L'Assemblée nationale, le 14 janvier 2020.
L'Assemblée nationale, le 14 janvier 2020.

22 159 amendements au projet de loi de réforme des retraites ont été déposés, dont 19 713 par la France insoumise. Des députés de la majorité crient au blocage législatif.

“Du zadisme législatif”. Les milliers d’amendements déposés par les députés de La France Insoumise contre le projet de loi retraites ne plaisent pas aux députés de la majorité. Pour Olivier Véran, député LaREM de l’Isère, “Ce n'est même plus de l'obstruction, c'est du ZADisme législatif et ce n'est pas à la hauteur des enjeux.”

Le député Mathieu Orphelin regrette cette méthode et estime qu’un “vrai débat parlementaire est plus utile que l'obstruction”.

Le dépôt massif d’amendements, une méthode assumée par le chef de file des Insoumis, Jean-Luc Mélenchon. ”Nous allons assumer que nous faisons de l'obstruction”, avait-il annoncé mercredi, alors qu’un total de 22 159 amendements ont été déposés, dont une large majorité par La France Insoumise.

Une “grève du zèle” pour Ugo Bernalicis

Objectif de ces amendements, gagner du temps, nous explique le député LFI du Nord, Ugo Bernalicis. “Un des rares moyens de réplique que l’on a, c’est de déposer ces amendements, de faire cette grève du zèle. C’est notre moyen de contribuer à la lutte, de déposer ces amendements, de les défendre, et de donner plus de temps à la lutte de s’ancrer. Oui, ça va embêter le monde, oui on veut empêcher ce texte de passer par tous les moyens possibles”.
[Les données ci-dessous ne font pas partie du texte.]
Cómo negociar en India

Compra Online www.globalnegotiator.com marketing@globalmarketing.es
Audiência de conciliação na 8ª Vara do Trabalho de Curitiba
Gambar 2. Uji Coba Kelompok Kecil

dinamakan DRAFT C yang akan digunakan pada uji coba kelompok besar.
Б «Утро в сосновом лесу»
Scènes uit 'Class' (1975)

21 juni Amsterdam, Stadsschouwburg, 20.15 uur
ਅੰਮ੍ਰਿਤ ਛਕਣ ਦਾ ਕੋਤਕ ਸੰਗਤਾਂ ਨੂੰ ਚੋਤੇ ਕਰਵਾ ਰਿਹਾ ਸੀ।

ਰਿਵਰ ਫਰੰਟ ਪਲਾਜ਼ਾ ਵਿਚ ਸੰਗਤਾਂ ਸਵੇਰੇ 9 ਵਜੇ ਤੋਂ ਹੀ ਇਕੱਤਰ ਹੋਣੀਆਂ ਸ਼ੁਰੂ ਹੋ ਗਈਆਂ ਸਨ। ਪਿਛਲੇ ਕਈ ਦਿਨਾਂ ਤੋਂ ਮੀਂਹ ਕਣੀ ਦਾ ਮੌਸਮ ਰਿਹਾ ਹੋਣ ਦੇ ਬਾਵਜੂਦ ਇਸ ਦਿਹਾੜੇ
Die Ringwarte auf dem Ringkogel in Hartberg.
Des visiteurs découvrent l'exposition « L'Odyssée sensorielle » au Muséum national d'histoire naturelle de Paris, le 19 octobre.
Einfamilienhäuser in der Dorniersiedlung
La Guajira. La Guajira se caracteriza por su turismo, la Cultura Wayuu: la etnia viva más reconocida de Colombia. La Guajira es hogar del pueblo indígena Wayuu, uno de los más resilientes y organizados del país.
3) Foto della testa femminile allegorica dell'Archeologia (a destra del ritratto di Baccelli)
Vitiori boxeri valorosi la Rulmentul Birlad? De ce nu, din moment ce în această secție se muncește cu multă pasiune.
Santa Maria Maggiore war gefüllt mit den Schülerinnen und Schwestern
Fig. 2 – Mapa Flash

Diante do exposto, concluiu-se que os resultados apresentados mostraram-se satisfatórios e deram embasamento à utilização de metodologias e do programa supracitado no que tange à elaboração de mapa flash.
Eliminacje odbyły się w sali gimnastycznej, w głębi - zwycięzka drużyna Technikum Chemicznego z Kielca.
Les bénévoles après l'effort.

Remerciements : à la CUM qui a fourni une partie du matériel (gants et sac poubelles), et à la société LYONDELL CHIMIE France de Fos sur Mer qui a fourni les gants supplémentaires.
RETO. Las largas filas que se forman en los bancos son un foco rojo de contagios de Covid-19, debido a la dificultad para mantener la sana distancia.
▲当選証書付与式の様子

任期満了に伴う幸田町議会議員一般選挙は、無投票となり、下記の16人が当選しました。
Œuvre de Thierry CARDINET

Depuis le changement de règlement de l’Assemblée nationale, censé accélérer les échanges, l’effet de blocage est toutefois amoindri. Les amendements doivent désormais être validés en amont, rappelle le compte projet Arcadie.
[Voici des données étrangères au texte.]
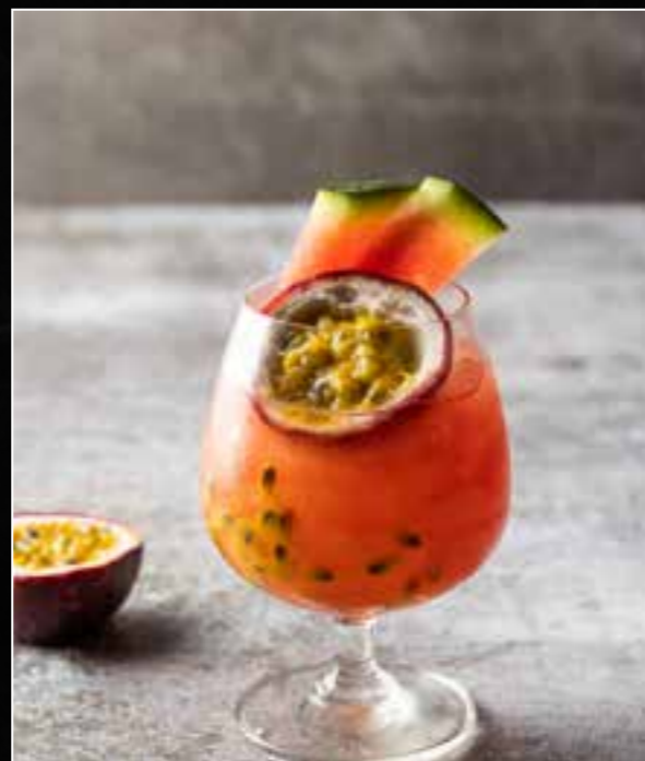
2. CHIANG MAI PASSION 320 vodka, passion fruit, watermelon, lime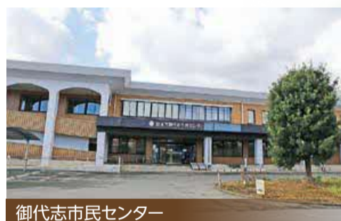
御代志市民センター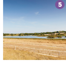
LES ÉTANGS DE TRÉVIGNON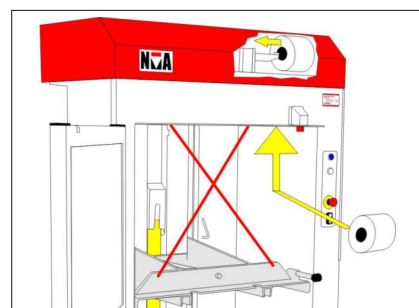
Balbanden är lätt åtkomliga framifrån. Varje band kan bytas enskilt.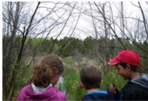
Visite d'un milieu humide.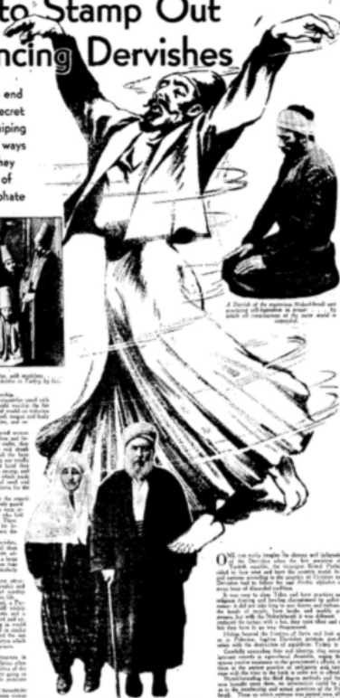
A Dervish of the sect known as the Whirling Dervishes, with several other members of the sect in the foreground.

They are a sect of fanatics who practice a form of self-hypnotism and fire-worshiping. They are now being persecuted by the new Turkish republic, though they work for its overthrow and the return of the old rule of the Mohammedan caliphate.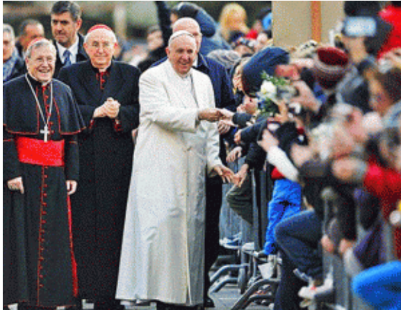
Kontrast zwischen den Kirchenvätern und dem derzeit von einem Papst auf die Spitze getriebenen „Geist des Konzils“

die für den kirchlichen Glauben wesentlich ist, ist für den Leser in diesem Zusammenhang besonders schmerzlich erkennbar.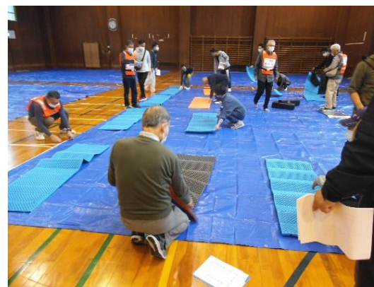
【体育館(一般避難者)】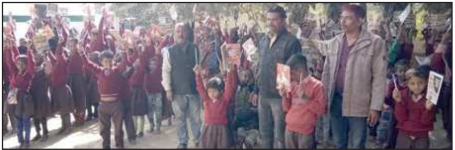
पठन सामग्री के साथ प्राथमिक विद्यालय के बच्चे।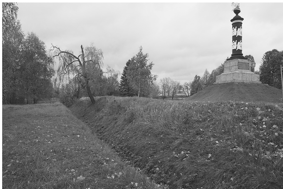
Памятник русским воинам в Тарутино и ров времен Отечественной войны 1812 г.

Один из первых памятников, «в знак освобождения в 1812 году России от неприятеля» был открыт 24 июня (ст. ст.) 1834 г. в с. Тарутине Боровского уезда Калужской губернии.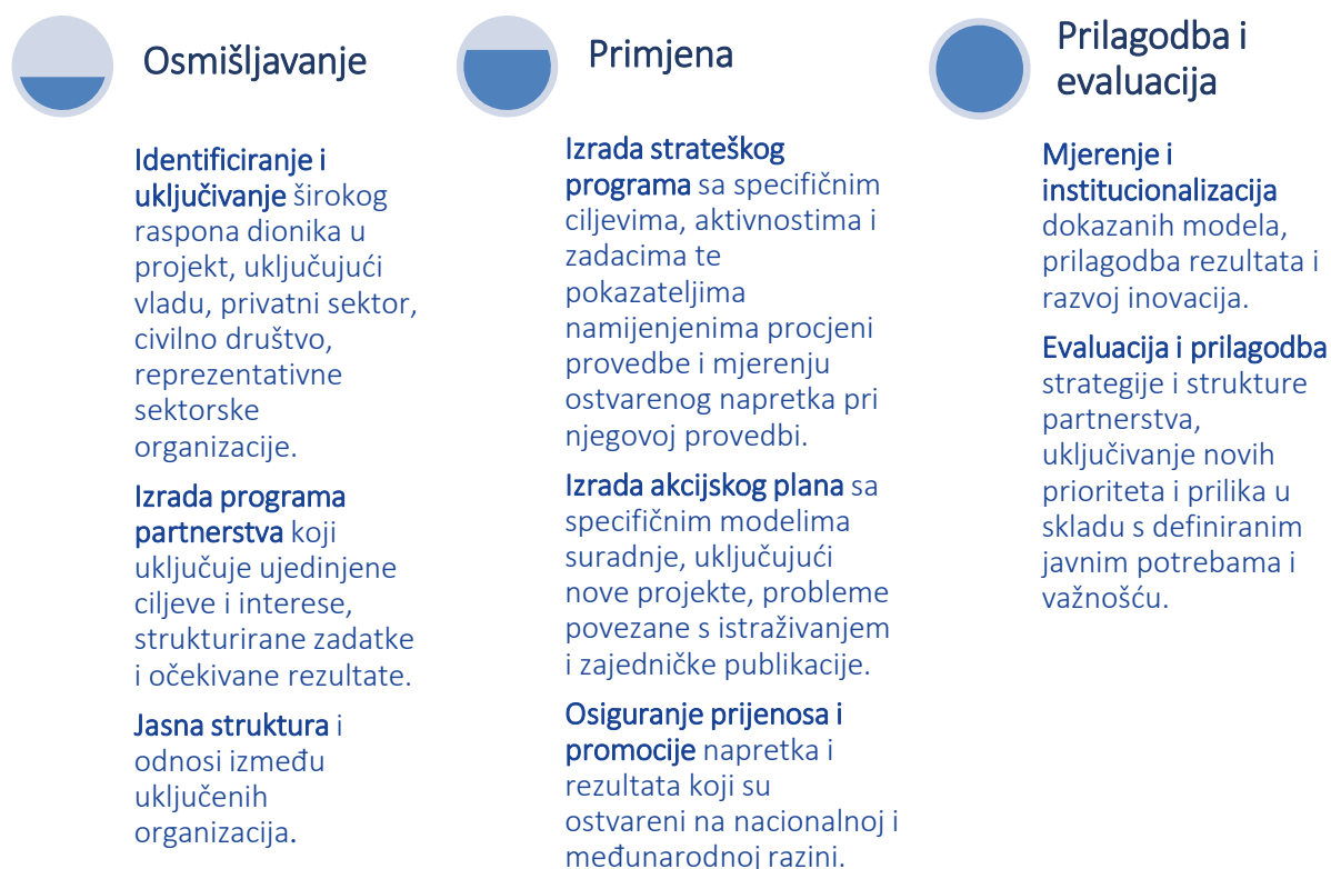
Slika 1 Logički okvir za suradnju akademske zajednice i industrije

“C’est mignon, ça fait sourire, mais c’est totalement inutile, cela ne bloquera rien. C’est surtout beaucoup de travail pour les services de l’Assemblée nationale. On verra combien il en restera après examen, peut-être 1000... Les députés doivent être conscients que ce n’est pas comme cela que l’Assemblée fonctionne. Pour qu’un amendement soit voté, le député doit se battre, aller voir ses collègues... Ce n’est pas en en déposant des milliers que cela va marcher. C’est du “spam” législatif, nous décrypte Tris Acatrinei, de Projet Arcadie.
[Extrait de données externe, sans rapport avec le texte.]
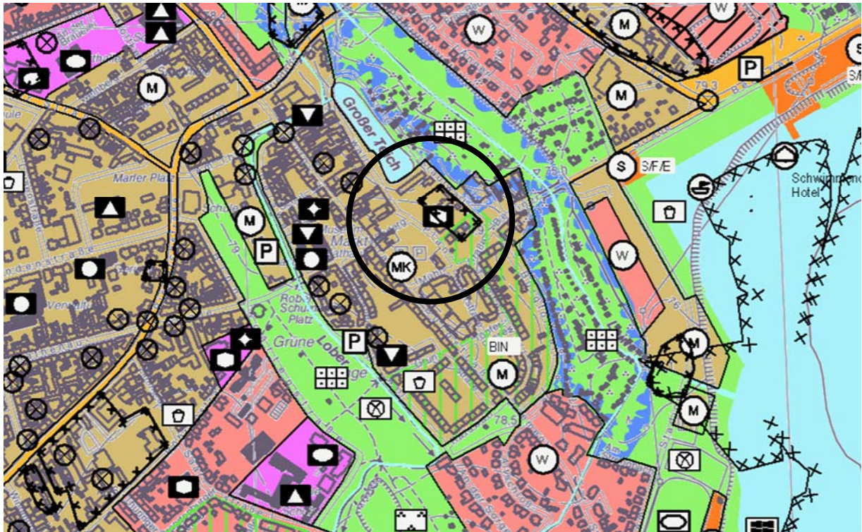
rechtskräftiger Flächennutzungsplan der Stadt Bitterfeld-Wolfen (Auszug)

Grundlage: Genehmigungsfassung 05/2012, M 1: 10.000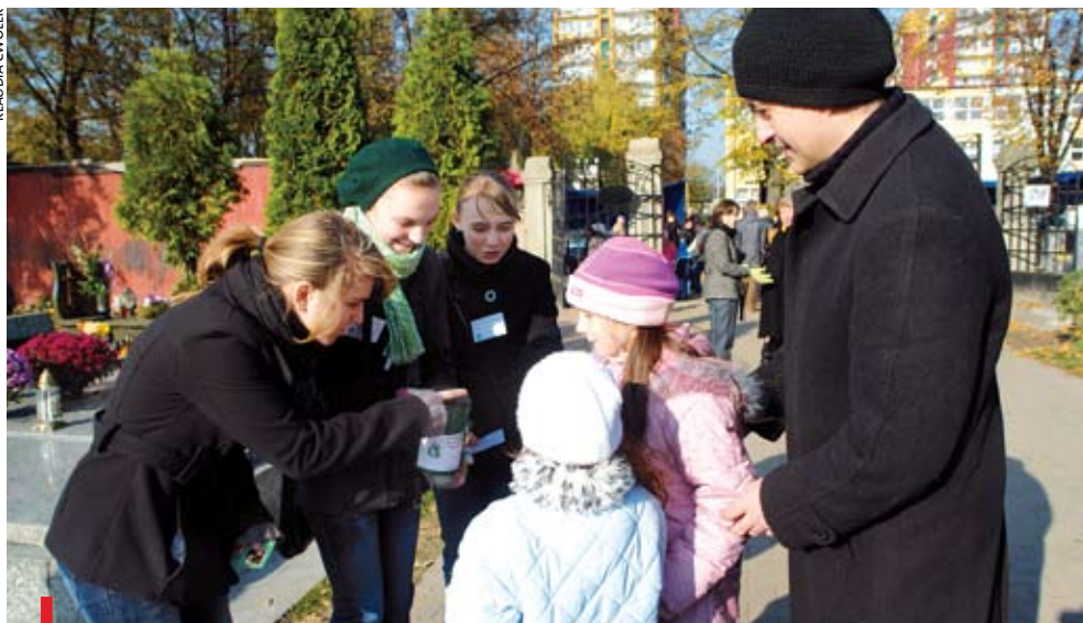
1 LISTOPADA, ZABRZE. Na cmentarzu przy ul. Pokoju wolontariuszki z Gimnazjum nr 13 zbierały datki na rzecz Towarzystwa Pomocy im. św. Brata Alberta

Na zabrzańskich cmentarzach Towarzystwo Pomocy im. św. Brata Alberta zebrało ponad 13,5 tysięcy zł, najwięcej ze wszystkich dotychczasowych kwest. Pieniądze przeznaczone zostaną dla osób najbardziej potrzebujących. Zbiórki organizowane z okazji uroczystości Wszystkich Świętych odbywały się także w innych miejscowościach. W Bytomiu zbierano na ratowanie cmentarnych zabytków, pomoc dla dzieci z najbardziej ubogich rodzin miasta i z za wschodniej granicy czy wspieranie polskiej edukacji na ziemi drohobyckiej. Po raz dziesiąty w tym roku kwestowało też gliwickie Hospicjum Miłosierdzia Bożego. Ze zbiórki i sprzedaży pamiątkowych kalendarzy – cegiełek uzyskano prawie 62 tysięcy zł.

Le record : plus de 130 000 amendements

Le dépôt massif d’amendements, une stratégie déjà largement utilisée par le passé. Le record absolu en matière de “blocage parlementaire” sous la Ve République concerne l'examen du projet de loi de privatisation de GDF en 2006, avec plus de 130 000 amendements. Le président de l’Assemblée, Jean-Louis Debré à l’époque, avait symboliquement posé au perchoir, croulant sous les amendements.

Une pratique ancienne

La pratique s’est développée en 1981, avec l’élection de François Mitterrand, rappelle Le Figaro. L’initiative vient de jeunes élus de droite, Jacques Toubon, Alain Madelin, François d'Aubert ou Philippe Séguin, “qui cherchent à innover et à exister dans les médias”. Depuis, la pratique est devenue fréquente. Sous le second mandat de Jacques Chirac, 248 118 amendements avaient été déposés, dont 137 665 dans le cadre du projet de loi de privatisation de Suez GDF, ajoute Libération.

Sous la législature actuelle, le projet de loi d'orientation des mobilités (LOM) avait, en première lecture, généré le dépôt de près de 3 500 amendements, et celui sur le logement environ 3 400.

Face à ce nombre important d’amendements à examiner, le gouvernement pourrait-il avoir recours au 49.3, comme le suggèrent certains ? “C’est une possibilité, mais ce serait une grosse erreur”, reconnaît Tris Acatrinei, de projet Arcadie.